Song of the Thin Man is a 1947 murder mystery-comedy directed by Edward Buzzell. The sixth and final film in MGM's Thin Man series, starring William Powell and Myrna Loy as Nick and Nora Charles, characters created by Dashiell Hammett. Nick Jr. is played by Dean Stockwell. Phillip Reed, Keenan Wynn, Gloria Grahame, and Jayne Meadows are featured in this story set in the world of nightclub musicians.

Plot
A charity benefit sponsored by David Thayar is staged aboard the S.S. Fortune, Phil Brant's gambling ship. The entertainment is provided by a jazz band led by Tommy Drake and featuring singer Fran Page and talented but unstable clarinetist Buddy Hollis.

After a set, Drake informs a displeased Brant that he is quitting, having gotten a much better booking through Mitchell Talbin. However, Drake has a problem: he owes gangster Al Amboy $12,000. When Amboy (who is at the party) hears the news, he demands full payment that night. Drake begs Talbin to give him an advance, but Talbin is unwilling to part with such a large sum. In desperation, Drake sneaks into Brant's office and opens the safe, when he is shot from behind and killed.

Brant and socialite Janet Thayar elope, as her father David disapproves of Brant's lower-class background. The next morning, they show up at Nick and Nora Charles's apartment, having learned that Brant is the prime suspect in the murder. When a bullet narrowly misses Brant, Nick turns him in to the police, having decided it is safer for all concerned. Then Nick starts investigating.

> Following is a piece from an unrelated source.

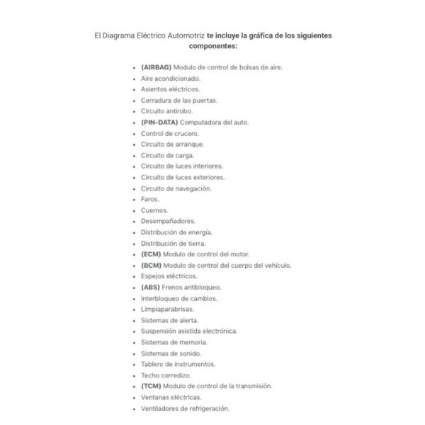 El Diagrama Eléctrico Automotriz te incluye la gráfica de los siguientes componentes:

Sneaking aboard the Fortune, Nick discovers on the back of a sheet of music a receipt signed by Amboy acknowledging that Drake's debt had been paid. Nick then runs into Drake's band, allowed back on board to collect their instruments. When he questions them, he learns that the bandleader had many enemies, among them Buddy Hollis. Musician Clarence "Clinker" Krause agrees to help Nick track Buddy down, but they have no luck.

Nick and Nora visit a hostile Janet. The bullet that killed Drake likely came from an antique gun, and Nick knows Janet's father is an avid collector. Nick finds that one gun is missing from Mr. Thayar's collection. Janet leaves after getting a telephone call. Nick and Nora follow her to Fran's apartment where they find Fran's body, recently stabbed in the back. Janet claims Fran called to sell her some information, but that she arrived after Fran was killed.

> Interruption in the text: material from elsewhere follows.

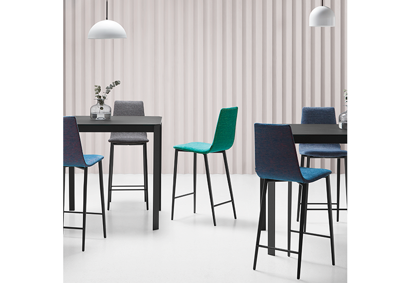 La collection Salt se compose d’une table fixe et une autre extensible avec deux hauteurs possibles et d’une table basse d’une hauteur de 40cm. Les modèles de cette collection offrent des dimensions modérées afin de pouvoir obtenir de la place dans un espace réduit, étant son principal atout. Le plateau est en céramique laminée sur du verre et s’associe facilement aux pieds triangulaires grâce aux formes qui lui sont concédés sur les chants. En plus des tables, la collection Salt se compose d’une chaise et d’un tabouret avec différentes assises qui accordent une totale diversité à la collection. Une solution en bois et deux autres en tissu, assemblé à une structure métallique et de forme triangulaire.

Nick finds a matchbook from a hotel in Poughkeepsie that eventually leads him to a sanitarium where Buddy is undergoing treatment. The musician is too badly shaken to answer Nick's questions, though Nora's presence seems to calm him down. When Nora sneaks back later by herself, Buddy becomes agitated, confesses to the murder, pulls out the antique gun, and tries to shoot Nora but misses. Nick does not believe the deranged man's confession as Drake was slain by a well-aimed shot.

Nick gathers all the suspects by arranging a party on the reopened Fortune and announces that Buddy has fully recovered and that he will reveal the murderer's identity that night. It is Nora who notices the crucial clue: Amboy's wife shows up wearing a valuable necklace that matches the earrings owned by Mitchell Talbin's wife, Phyllis. Sometime later, the necklace mysteriously reappears on Phyllis's neck. When Nick confronts Mitchell, Phyllis reveals that it was she who paid off her lover Drake's debt using the necklace. As Nick prompts Buddy to finger the killer, Mitchell confesses to both killings and pulls out a gun. An enraged Phyllis shoots him first, but her husband is only wounded. Despite Nick's pleas to desist, she fires repeatedly, finishing the job.

Cast
 William Powell as Nick Charles
 Myrna Loy as Nora Charles
 Keenan Wynn as Clarence "Clinker" Krause
 Dean Stockwell as Nick Charles Jr. 
 Phillip Reed as Tommy Edlon Drake (as Philip Reed)
 Patricia Morison as Phyllis Talbin
 Leon Ames as Mitchell Talbin
 Gloria Grahame as Fran Ledue Page (singing voice was dubbed by Carol Arden)
 Jayne Meadows as Janet Thayar
 Ralph Morgan as David I. Thayar
 Bess Flowers as Jessica Thayar
 Don Taylor as Buddy Hollis
 Warner Anderson as Dr. Monolaw
 Bruce Cowling as Phil Orval Brant
 Connie Gilchrist as Bertha, the Charleses' housekeeper
 Henry Nemo as The Neem
 William Bishop as Al Amboy
 Marie Windsor as Helen Amboy
 James Burke as Captain Callahan

Production
This Thin Man film differs in several respects from the others in the series and was one of two films in the series not directed by W. S. Van Dyke, who died in 1943. The script was one of three not written by the husband and wife team of Albert Hackett and Frances Goodrich, who had worked with Dashiell Hammett to develop the Nick and Nora characters earlier in the series.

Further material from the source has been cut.